Just need to vent really!

I'm really struggling with LO's clingyness right now. She's a year old so 'that age' which I'm told by loads of people is the clingy stage. She was only placed with us 2 weeks ago and I really need to suck it up but I'm struggling with it A LOT. Of course she is clingy...she's with a new family who she only met 3 weeks ago and she's only a teeny-tiny, I get it, I'm just struggling to deal with it. From no children to having one who has to be in my space all the time is hard. And I'll be honest, I'm not a massively tactile person, so I don't like being touched all the time / have my face grabbed / hair pulled / fingers bitten hard on a teething day!

Reading stuff on non-adoption sites makes me feel tremendously guilty because they constantly say that playpens are evil (I pop her on whilst I cook dinner as my oven gets seriously hot - its a range cooker), that I should involve her in my every task....now I AM trying but it's hard. I'm pegging out washing with her and she's climbing up my leg or trying to eat grass /dirt/stones. The peg basket is a good distraction. I'm trying to tidy up after breakfast so I give her a plastic spoon / spatula to play with. All of these I'm ok with but has anyone got any other ideas for when I'm hoovering? I have to put her in her pen then as she's busy trying to hang herself on the Hoover lead!

If I do something for more than a minute she grizzles. It's not a cry, it's a grizzle. And honestly it drives me mad. I know some people say 'leave the housework' but actually tht depresses me, I have two dogs and I need to Hoover. I like to use her nap for some down time.

This morning she has done nothing but cry all morning about everything and nothing. If I'm not holding her, she's crying, and picking her up makes it worse because she doesn't want to be put back down. All I ever read is that they are only babies for a short time and to enjoy it when they cling as they won't before you know it and will be sulky teenagers etc etc.

I feel so guilty for getting so fed up but honestly the only time I get a minute to myself is when she is asleep. 

I guess I just need to offload. She is amazing, but when she's like this, I feel myself turning into a horrible, heartless mum who can't bear the grizzles and seriously could shut the door and walk away for ten minutes!

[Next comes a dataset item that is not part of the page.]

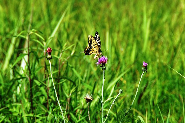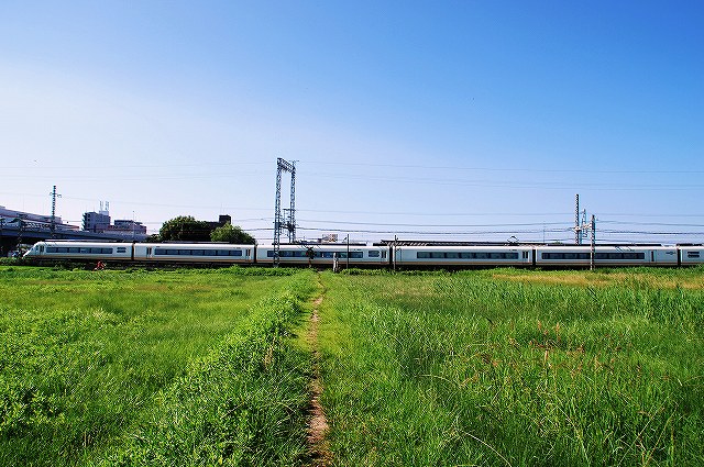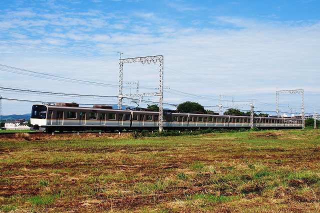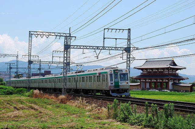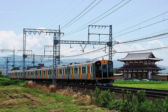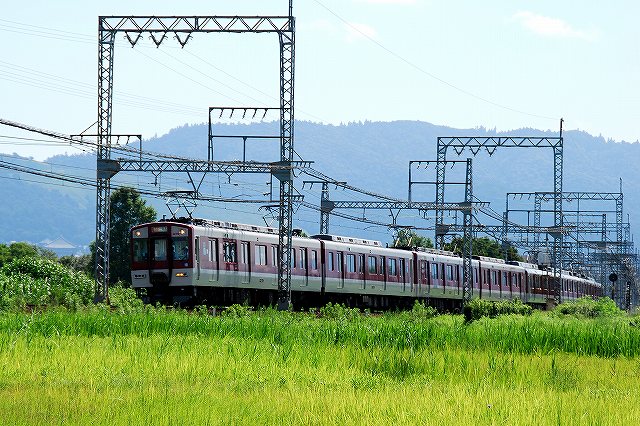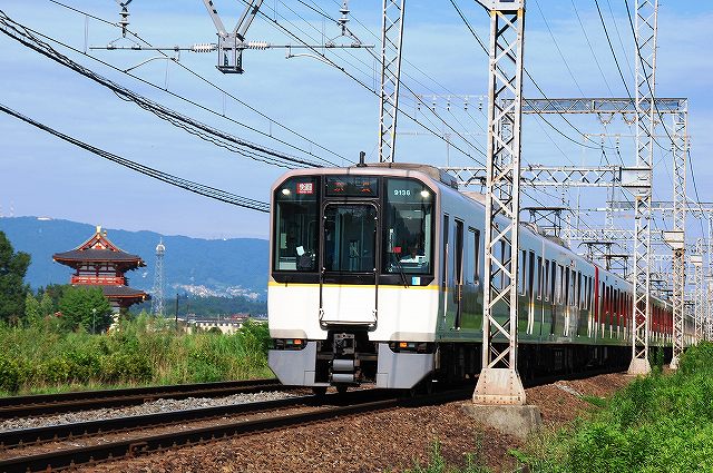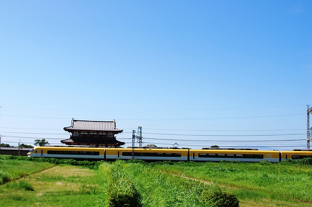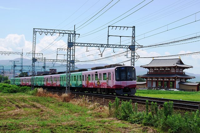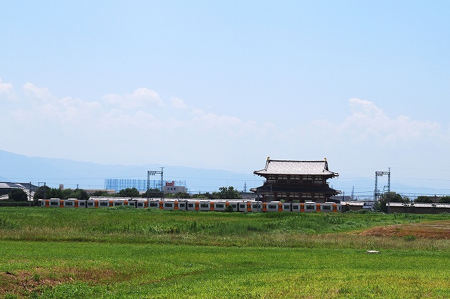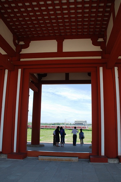 今は広大な原っぱ(※1)のようになっているおよそ1300年前(※2)の都の大内裏跡を近鉄奈良線が通過しており、行き交う電車を様々なアングルで撮影することができる。 で、今回の第一目標は乗り入れてきた阪神車。(^。^) ※1:甲子園球場30個分の広さだそう ※2:710年に藤原京より遷都 (左)近年奈良線線路の南側に再建された朱雀門が、良い撮影のアクセントになってくれそう。 (右)長閑な風景の中を21000系「アーバンライナーPLUS」が通過してゆく。 名阪特急以外にも奈良発着の特急にも使用されているよう。 (左)敷地もだけど、「空が広い」のも平城宮での撮影の魅力の一つ。 通過している電車は京都市営地下鉄乗り入れ対応の「シリーズ21」、3220系。 他の「シリーズ21」系列の車両と異なり、前面の貫通扉が向って左側にオフセットされているので(つまり、多編成のと連結を考慮していない)識別は比較的容易。 (右)阪神9000系がやって来た。 阪神大震災に被災したことにより発生した車両不足を補う為急遽増備され他形式だが、今回の近鉄乗り入用に抜擢され、帯の色がデビュー当初よりの赤色から同じく近鉄乗り入れ用の1000形に合わせたオレンジ色に変更されている。 (左)22600系「ACE」 22000系「ACE」のマイナーチェンジ型で、老朽化してきた12600系「スナックカー」を置き換えるため今年より増備が始まった新型特急車。 まだ先行車としての10両のみしか製造されていないので、汎用特急車の広い運用範囲を考えると撮影できて割とラッキーかも? (右)23000系「伊勢志摩ライナー」を朱雀門を背景にして撮影。 (左)線路の南側へ移動。 シリーズ21に押されつつも、まだまだ頑張る8000系が通過して行った。 (中)6両編成の9000系に1000系2両を増結した阪神車。 6両が最大の阪神本線内では見る事ができない編成。増結車用の車両は1000系のみ。 (右)こちらも9000系+1000系の編成だが、9000系の方は神戸への観光をPRしたラッピング編成。 (左)確かこの辺りで、東大寺の大仏殿を背景に入れて撮影できるポイントが有った筈…と、曖昧な記憶を頼りに何の目印も無い原っぱをウロウロすること暫し、ようやくそれらしき場所を探し当てる。 一番手前の架線柱の左側に小さく大仏殿が写ってます。 (右)近鉄名物、2階建車を連結した30000系「ビスタEX」(ビスタカー)。 編成右側に第一次大極殿再建工事の現場(後述)が見える。 先ほどのラッピング編成が戻って来る (左)大仏殿と阪神電車って写真が撮れる日が来るとはね~ (右)緑の中を走り抜けてく阪神電車(^。^) 阪神沿線ではお目にかかれない光景だな~。 (乗り入れ先の山陽電鉄ならありそう?) (左)先ほどからチラチラ登場の朱雀門。 いわば平城宮の正門みたいなもので、入場料無料にて一般公開されている。 (右)こうして見ると、シリーズ21以前の近鉄通勤車の塗装は、朱塗りの建物をイメージしたものなのカモ? …と思えてくる。(ホントはどうなのか知りませんけどね(^_^;)ゞ) 朱雀門から電車を撮影することも出来る。 なにせ当日は真夏の暑さの中原っぱに立っての撮影だったので、日影の有り難さが身に染みる。(^_^;)ゞ …ただし、観光や見学のお客さんの邪魔にならないようにね(^。^) (左)近鉄「シリーズ21」と阪神1000系の、相互直通対応車同士の擦れ違い…なのだけどシリーズ21の方は架線柱がモロ被りになってしまった!(^。^;) (右)12600系「スナックカー」と30000系「ビスタEX」の擦れ違い。 「スナックカー」の名前の由来は、登場当時車内にスナック(軽食)を販売するカウンター「スナックコーナー」を有していたからなのだが、後年スナックコーナーは廃止され「跡地」は客室の一部に改造されており、今は名前のみが残っていると言う状況。 再び線路の北側へ移動。 言うまでも無い事ですが、線路の横断は踏み切りにて行っていますので念のため。 (左)朱雀門と京都市営地下鉄乗り入れ用の3220系。 この編成は京都市営地下鉄国際会館-近鉄奈良間の直通急行運転開始を記念したラッピング車。 赤の車両が京都を、緑の車両が奈良をイメージしたラッピング。 (中)朱雀門と阪神1000系 (右)朱雀門と乗り入れてきた京都市営地下鉄10系(後期型)。 いわば平安京の電車が平城京を走っている訳ね。でもそれを言うなら難波からの近鉄車は難波宮から、阪神車は(難波宮経由で)福原京から平城京に来た電車と言う訳か…。う~ん、歴史街道。(って、なんじゃそら!(^。^;)) (左)大分引いた位置(第一次朝堂院-儀式や宴会を行った場所-跡付近)より、朱雀門前を通過する阪神1000系を撮影。 (右)再建工事も終盤に差し掛かり、巨大な格納庫状の上屋から姿をあらわしつつある第一次大極殿。来年より公開予定だそう。 先ほどから「第一次~」と有るのは、一連の「第一次」の施設の西隣に、これまた一連の「第二次~」の施設跡が有る為。 つづく。 (平城宮について詳しくは、奈良文化財研究所HP等をご参照下さい)

The SW said last week that what we put on in the first 6 weeks is what we'll get out in the long run. I'm doing my best but I'm starting to worry its not enough. She is happy and she is settling in well but I worry I don't offer enough comfort or reassurance because when she grizzles I try to ignore it instead of picking her up every time.

Any words of wisdom? What is the balance here? 

Thank you x


----------



## goldbunny (Mar 26, 2012)

have you tried bubble mix? it's both calming for the bubble blower and a great distraction for the small person watching..


----------



## goldbunny (Mar 26, 2012)

maybe buy a lightweight carpet sweeper and make a game out of trying to push it around, that way you get up the dog hair while you play.


----------



## kandykane (Nov 17, 2008)

I've not adopted so don't have the same experience as you but have you tried putting her in a sling while you hoover and stuff? She'll be cuddled up close to you and you'll have both hands free x


----------



## Mummy DIY Diva (Feb 18, 2012)

This may not appeal to you because you have said about not being overly tactile but slings mean she is attached to you and you have your hands free for hoovering / other tasks. Obviously wouldn't work with cooking due to dangers but may help other house work. They are about £30 on amazon.  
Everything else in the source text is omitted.